ML Buch. Credit: Lengua
Live, she has toured with label mate Astrid Sonne, a cello player, playing guitar. Despite the experimental sounds of Buch’s music, her lyrical themes address the most human emotions and often go to the heart of our alienated, over-mediated existence. In I’m a Girl You Can Hold IRL, she reassures (or promises) the listener that she can leave the screen and be there “in real life”. What’s not to like? Also check out Pan Over the Hill and Dust beam from Suntub to get a taste of her beguiling sonic world.
Kiss Facility
Kiss Facility are a duo consisting of Egyptian-Emirati singer Maya Alkhateri and Ireland-born producer and musician Sega Bodega (real name Salvador Navarette).

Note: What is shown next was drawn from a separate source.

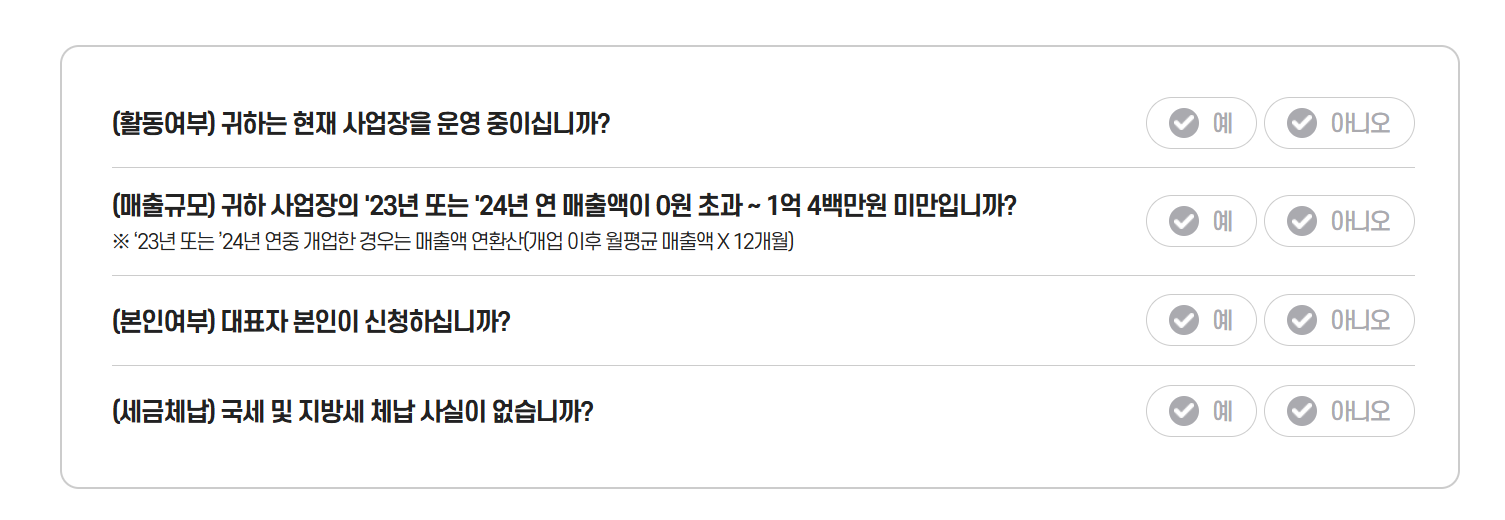 또한, 연 매출 기준은 국세청 신고자료를 기반으로 판단되기 때문에, 최근 2개년도(2023, 2024년)의 정확한 매출이 기준 이하인지 확인하고 신청하는 것이 중요합니다.

Based in Paris, they make an intoxicating mix of Arabic-language vocals with dreamy electronic backing that draws on 1990s trip hop, alt R'n'B and hyperpop.

Kiss Facility
Their debut album, Khazna (meaning “treasure” or “storehouse”), came out this year and has been hailed by music critics as one of the best current examples of fusion between Arabic lyrics and dancefloor sounds. In interviews, Alkhateri namechecks Celtic new-age artist Enya (best known for her hit Orinoco Flow), and you can hear the same lush textures in Kiss Facility’s music. Bodega has worked with UK singer, rapper and musician Shygirl. Stand-out tracks on the album are Kotshena (“playing cards”) and Flux, so check them out.